For the Transition Period Ended:____________________________________.

         Nothing in this form shall be  construed  to imply that the Commission
has verified any information contained herein.

         If the  notification relates to a portion of the filing checked above,
identify the Item(s) to which the notification relates:_______________________

- -------------------------------------------------------------------------------


                         Part I - Registrant Information

Full Name of Registrant:    MicroLeague Multimedia, Inc.

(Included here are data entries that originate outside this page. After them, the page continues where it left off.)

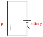 An imaginary closed surface P is constructed around a neutral conducting wire connected to a battery and a switch as shown in figure. As the switch is closed, the free electrons in the wire start moving along the wire. In any time interval, the number of electrons entering the closed surface P is equal to the number of electrons leaving it. On closing the switch, the flux of the electric field through the closed surface: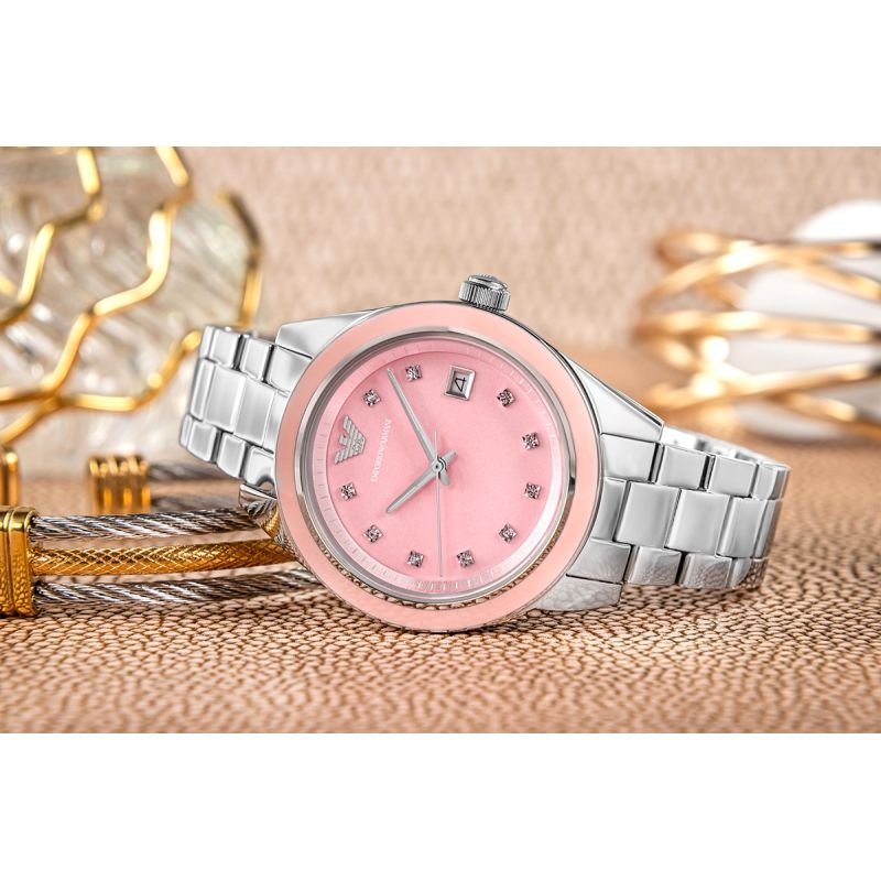 The Emporio Armani Leo AR11546 Women's Watch is a fusion of modern elegance and feminine charm. Designed with attention to every detail, it captivates with its subtle pink dial adorned with delicate crystals that beautifully reflect light. The 36 mm case is crafted from high-quality stainless steel, making the watch durable and resistant to everyday wear. The silver bracelet perfectly complements the dial color, creating a harmonious and stylish look. A precise quartz movement guarantees reliable operation, while 5 ATM water resistance protects the watch from splashes and brief contact with water. The Emporio Armani Leo AR11546 is the perfect choice for women who value elegance, functionality, and timeless style. It's not just a watch, but a piece of jewelry that will enhance any outfit and add a luxurious touch.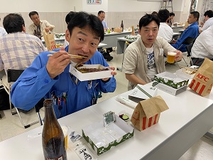 毎年恒例の決算日慰労会・・・今年は3密を避けるため2日間にわけての開催です。こまめにアルコール消毒・飲食時以外はマスク着用・換気・ソーシャルディスタンス・お酌禁止など、感染対策を講じて行いました。(高価な空気除菌器をガンガンにまわしてます)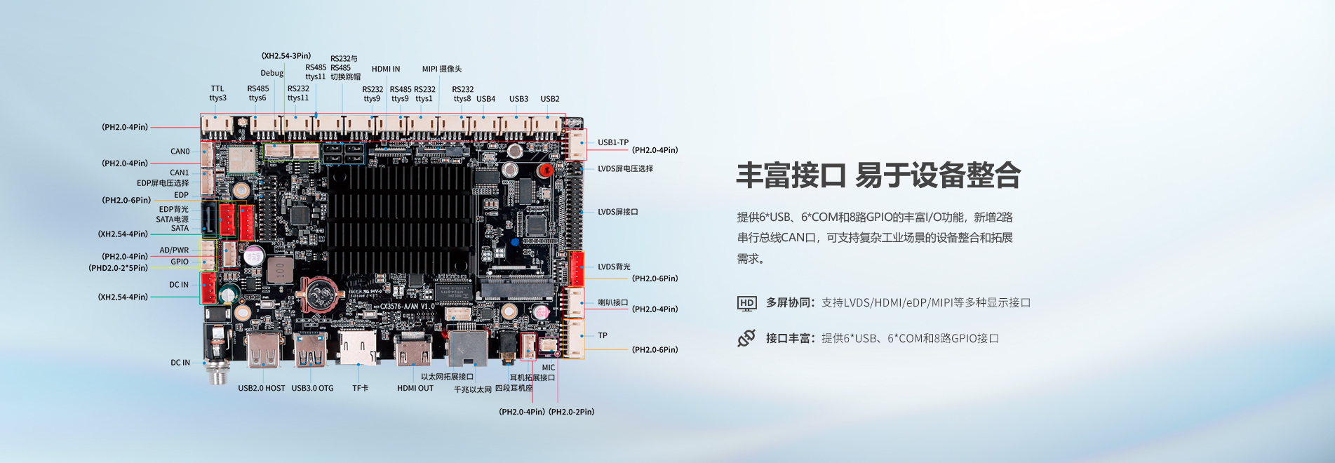 和三屏異顯,I/O拓展豐富,為工業(yè)自動(dòng)化、AI機(jī)器人、智能終端、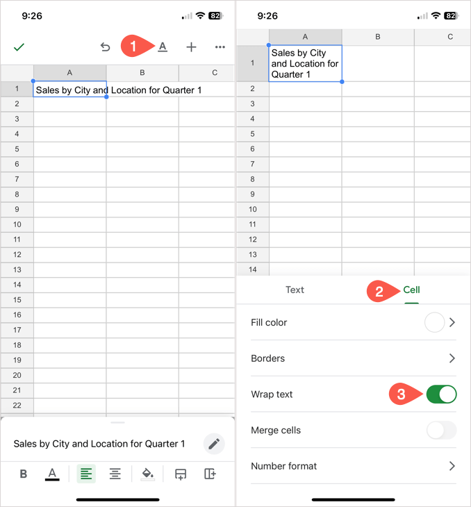 Kuinka kääriä teksti Google -arkkeihin matkapuhelimessa

Former Name If Applicable:______________________________

Address of Principal Executive Office (Street and Number):    750 Dawson Drive
                                                              ----------------
City, State and Zip Code:    Newark, Delaware  19713
                             -----------------------


                       Part II - Rules 12b-25 (b) and (c)

         If the subject report could not be filed without unreasonable effort
or expense and the registrant seeks relief pursuant to Rule 12b-25(b), the
following should be completed. (Check appropriate box)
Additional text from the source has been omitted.